I read about the problems with Hurricane Sandy and the aftermath from the 2011 Japanese quake and there was a common theme… fire. I was scratching my head… how does a fire occur when you have pouring down hurricane force wind & rain and tsunami flooded city streets…. natural gas lines.
Growing up in Coos Bay, this is something that you didn’t have to worry about. No one had natural gas and then I moved to Portland…. where everyone does. So the question remains, how do I shut off my gas line after 4 minutes of severe shaking… both the ground and my knees. After ensuring your family is safe, head straight to the natural gas line and shut it off.

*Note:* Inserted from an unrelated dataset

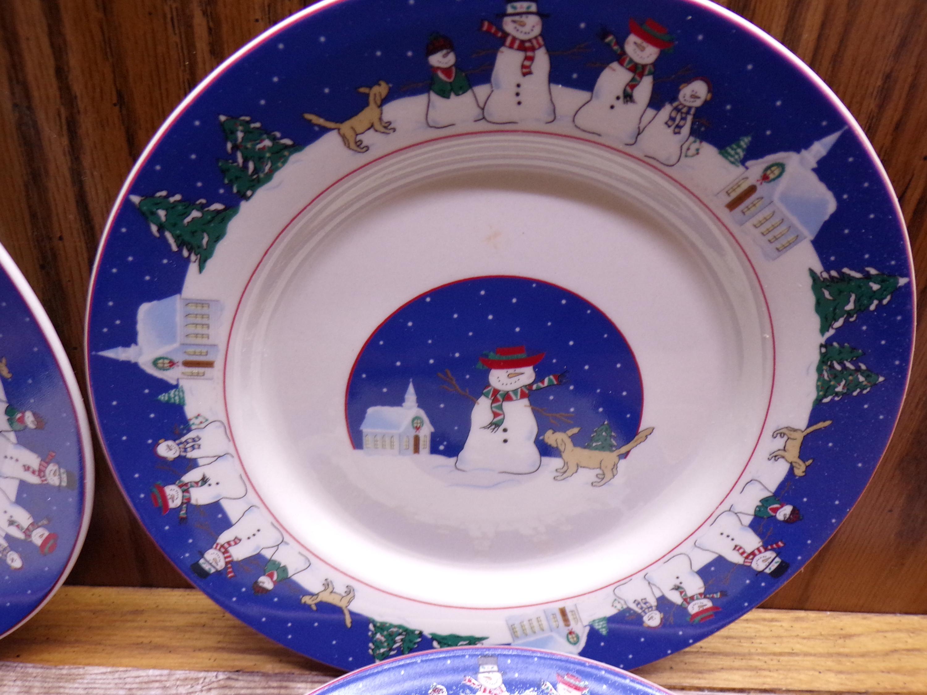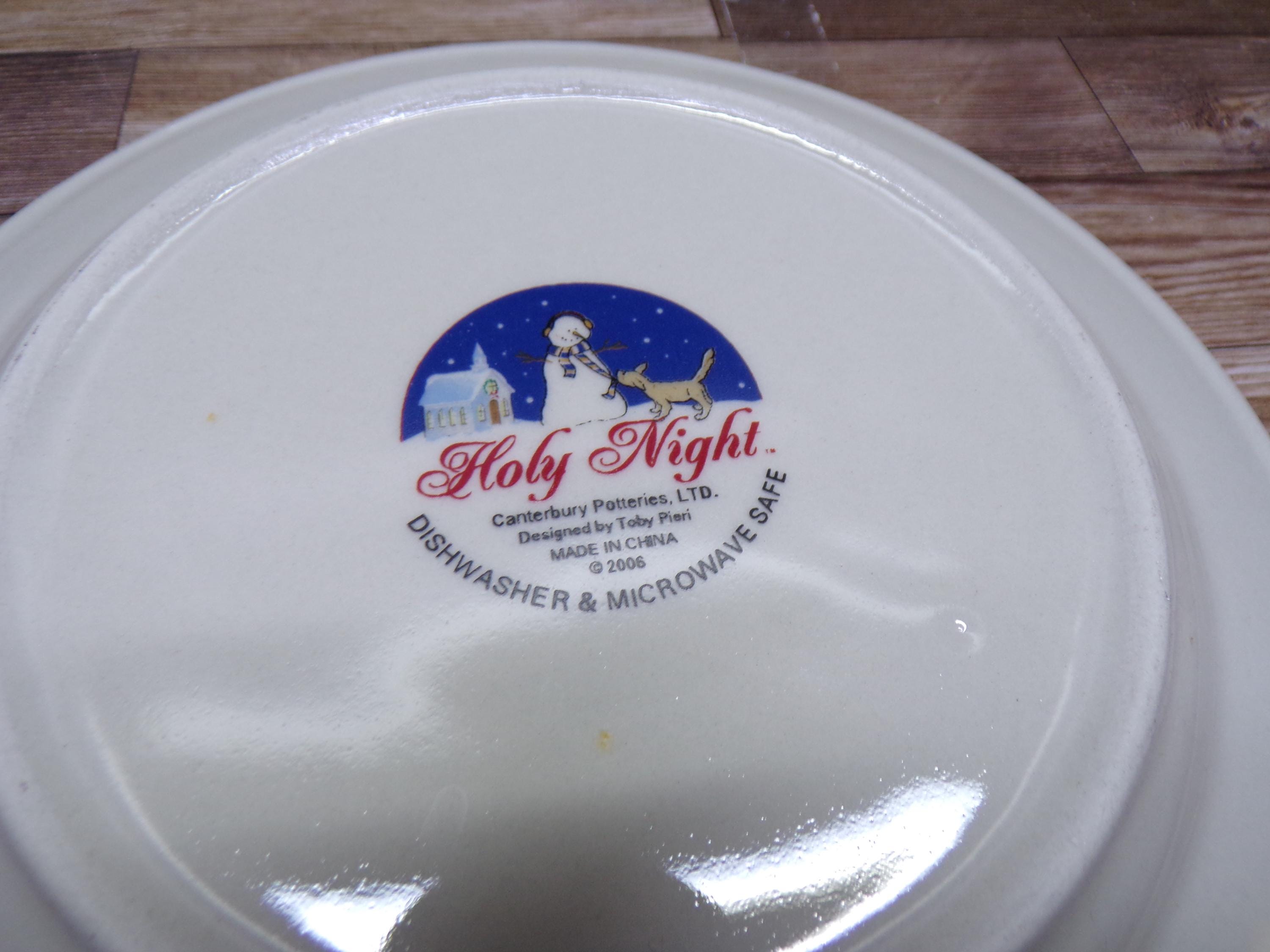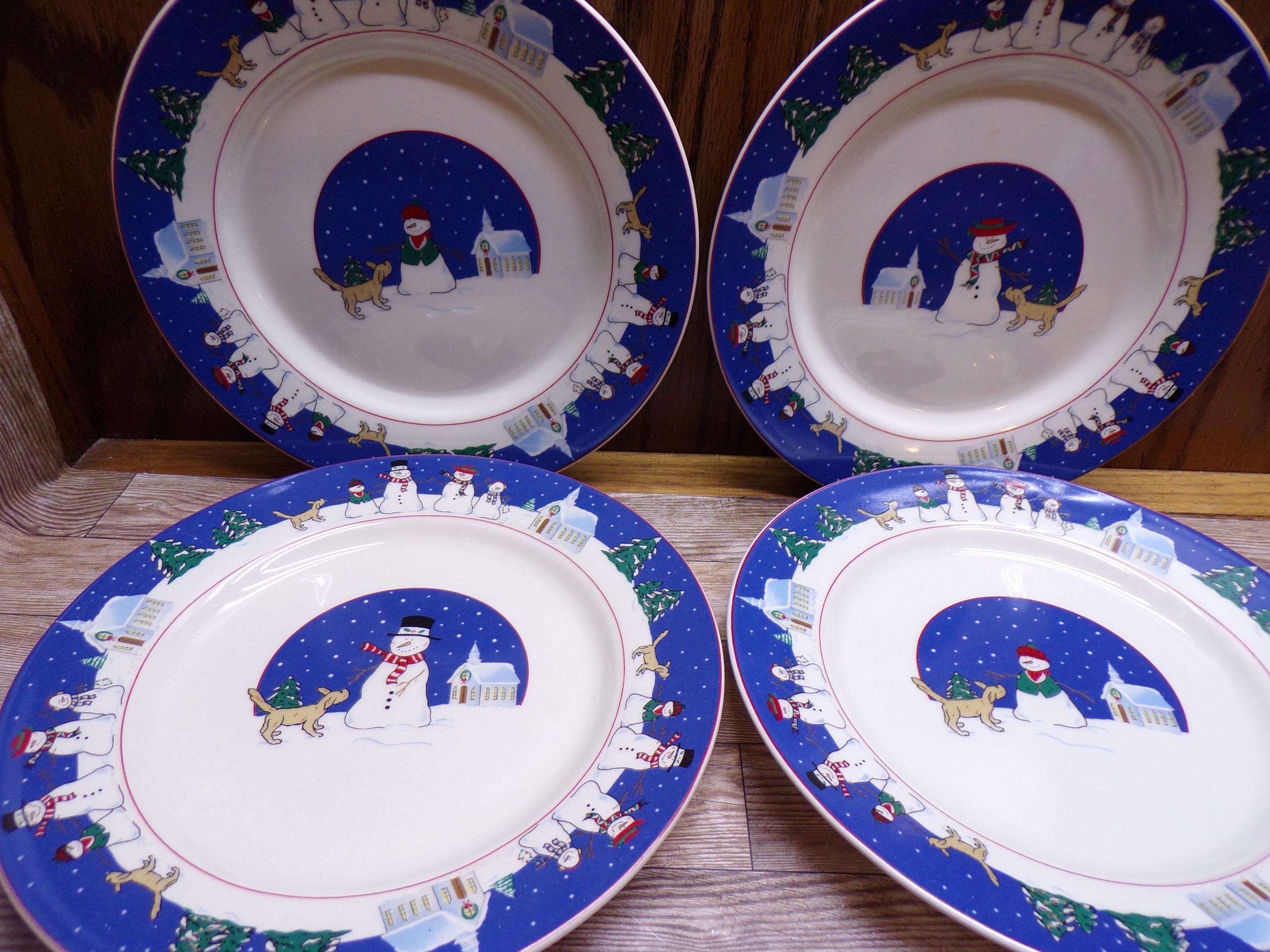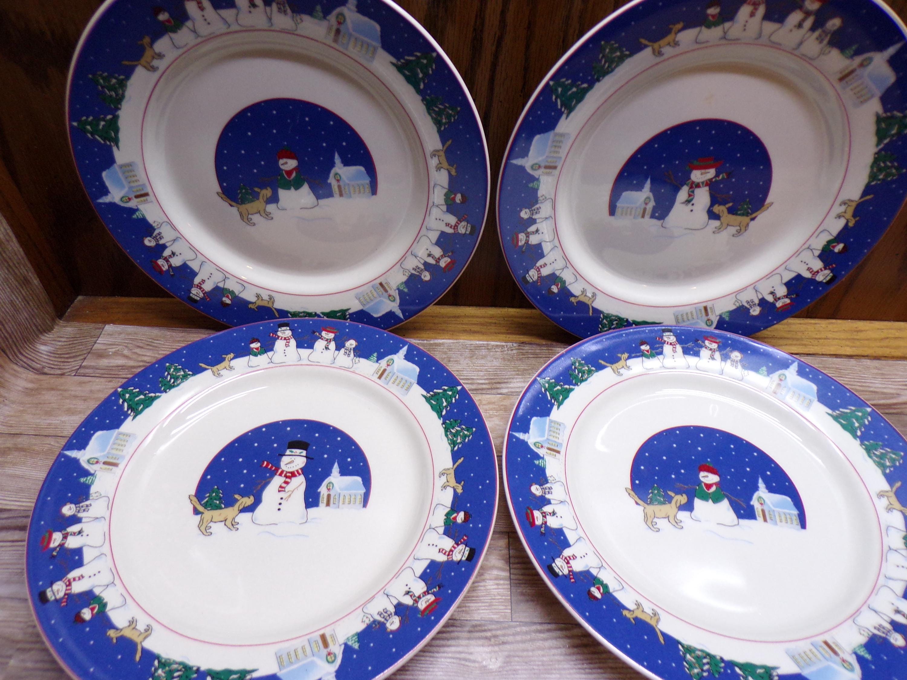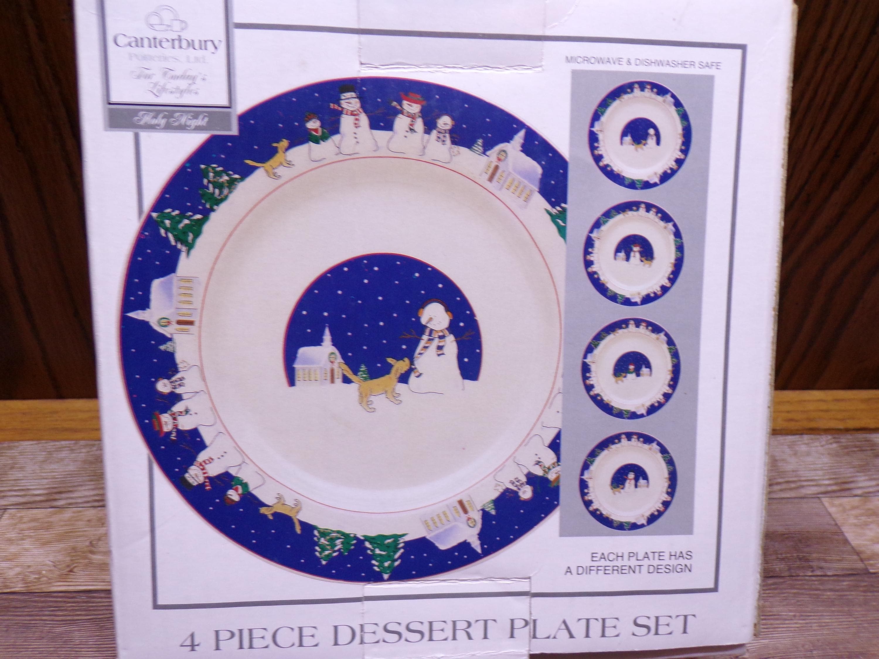 2511 Canterbury Potteries Holy Night 7.5" Dessert Snack Plates Set of 4 Christmas Holiday Snowman & Dog - New in Box

I recently had a service call concerning our furnace and I immediately asked for a tutorial about how to shut off the gas
in the event of a large earthquake. He took me to the side of the house and showed me the switch (I advise everyone to ask an HVAC technician and or someone from your local gas company to show you how). There will be no white hat utility people to the rescue with a large earthquake and you will need to take matters into your own hands. Get a vice grip and turn the switch… and ask your neighbors to do the same. Their gas line being shut off after an earthquake is just as important as your own home. You don’t want their house to burn, since it is your neighbor and you care, but because you also don’t want it to ignite your home.
During my last service call, the tech told me about the emergency shut off valve for gas lines. This will automatically shut off your gas line when the ground begins to shake — which sounds amazing because that will be one less thing on my “to do” list after a large earthquake.
I am not endorsed by this company but I am looking into getting this installed at my home. (Is it rude to ask my neighbor to do the same?)